_YOUR OBJECTIVE_: Could every line below be transcribed exactly, with the pictures dropped?
**** THE DATA ****
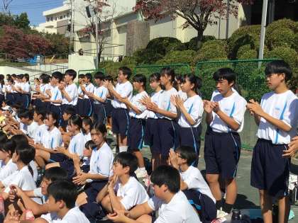 3年生の演技を見つめる先生たちと1年生。1年生は先輩の演技に何を感じたでしょうか。真剣な眼差しでじっと演技を見ていました。
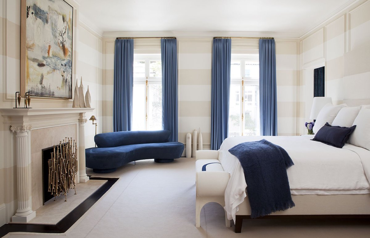 Синие шторы в спальне
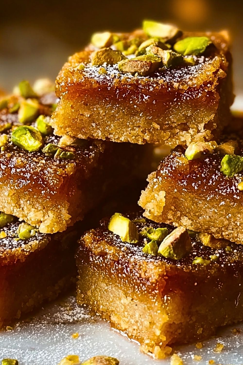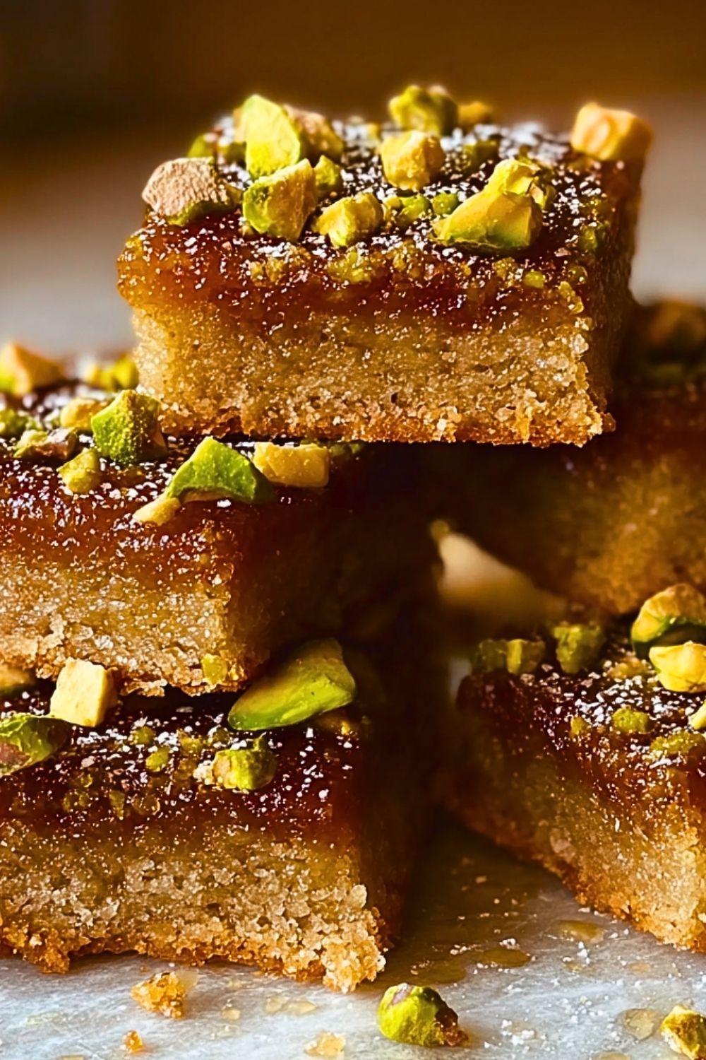 What makes these bars truly memorable is the balance of textures and flavors—the crisp golden edges, the tender center, and the lightly toasted pistachios scattered across the top. Whether served with coffee, as a dessert, or gifted to friends, they bring a cozy yet elevated touch to any occasion.
****
_FINAL ANSWER_:
 3年生の演技を見つめる先生たちと1年生。1年生は先輩の演技に何を感じたでしょうか。真剣な眼差しでじっと演技を見ていました。
 Синие шторы в спальне
 What makes these bars truly memorable is the balance of textures and flavors—the crisp golden edges, the tender center, and the lightly toasted pistachios scattered across the top. Whether served with coffee, as a dessert, or gifted to friends, they bring a cozy yet elevated touch to any occasion.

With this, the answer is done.